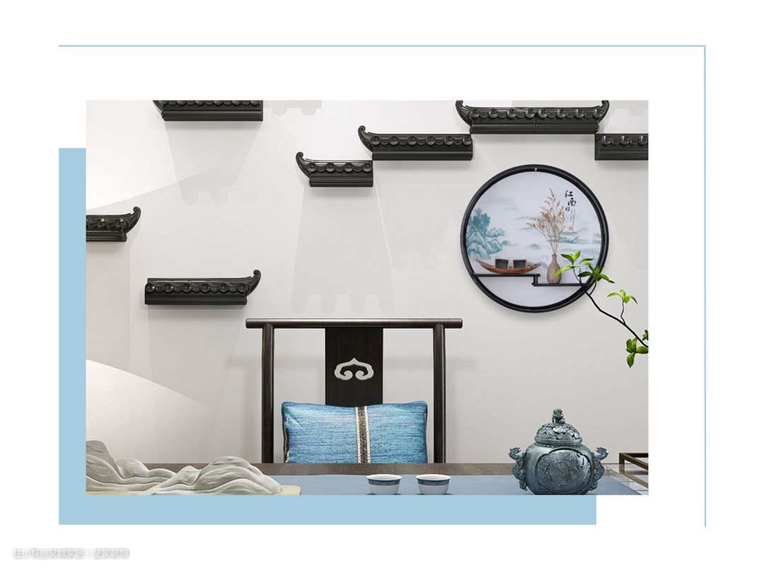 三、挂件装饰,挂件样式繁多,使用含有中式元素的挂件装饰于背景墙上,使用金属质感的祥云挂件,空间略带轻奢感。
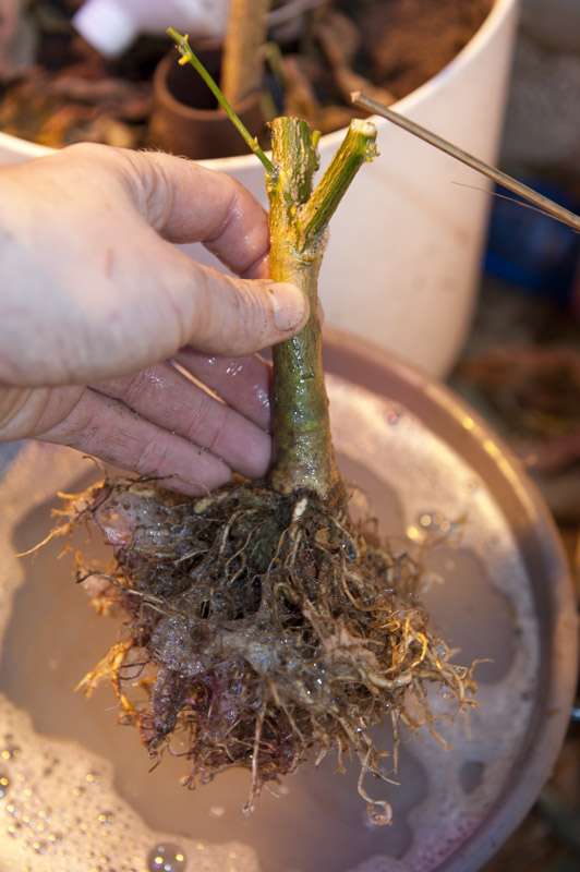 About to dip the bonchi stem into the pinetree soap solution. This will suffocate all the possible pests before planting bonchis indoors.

==

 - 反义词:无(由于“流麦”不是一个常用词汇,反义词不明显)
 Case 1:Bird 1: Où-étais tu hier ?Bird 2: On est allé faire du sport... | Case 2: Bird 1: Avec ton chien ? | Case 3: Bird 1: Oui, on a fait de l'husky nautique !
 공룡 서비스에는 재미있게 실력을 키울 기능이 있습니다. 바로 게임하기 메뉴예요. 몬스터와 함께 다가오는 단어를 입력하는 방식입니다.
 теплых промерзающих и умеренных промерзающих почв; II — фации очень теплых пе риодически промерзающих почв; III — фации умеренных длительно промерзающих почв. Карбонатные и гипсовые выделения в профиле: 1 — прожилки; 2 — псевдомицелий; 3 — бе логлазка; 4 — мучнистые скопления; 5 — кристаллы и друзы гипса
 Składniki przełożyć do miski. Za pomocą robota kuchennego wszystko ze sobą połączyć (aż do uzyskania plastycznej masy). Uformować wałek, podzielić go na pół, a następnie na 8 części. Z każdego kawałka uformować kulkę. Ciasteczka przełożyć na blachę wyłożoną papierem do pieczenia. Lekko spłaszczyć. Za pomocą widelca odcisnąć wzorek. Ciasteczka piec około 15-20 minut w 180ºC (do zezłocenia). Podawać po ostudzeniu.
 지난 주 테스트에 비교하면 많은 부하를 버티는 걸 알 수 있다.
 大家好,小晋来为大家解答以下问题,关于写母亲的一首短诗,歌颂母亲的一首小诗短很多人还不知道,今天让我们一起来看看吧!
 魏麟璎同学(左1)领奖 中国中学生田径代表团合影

Activity — Given the listing above, retype only the span of lines from the line with "三、挂件装饰,挂件样式繁多,使用含有中式" up to and including the line with "About to dip", exactly as it stands and without pictures.

Task answer —
 三、挂件装饰,挂件样式繁多,使用含有中式元素的挂件装饰于背景墙上,使用金属质感的祥云挂件,空间略带轻奢感。
 About to dip the bonchi stem into the pinetree soap solution. This will suffocate all the possible pests before planting bonchis indoors.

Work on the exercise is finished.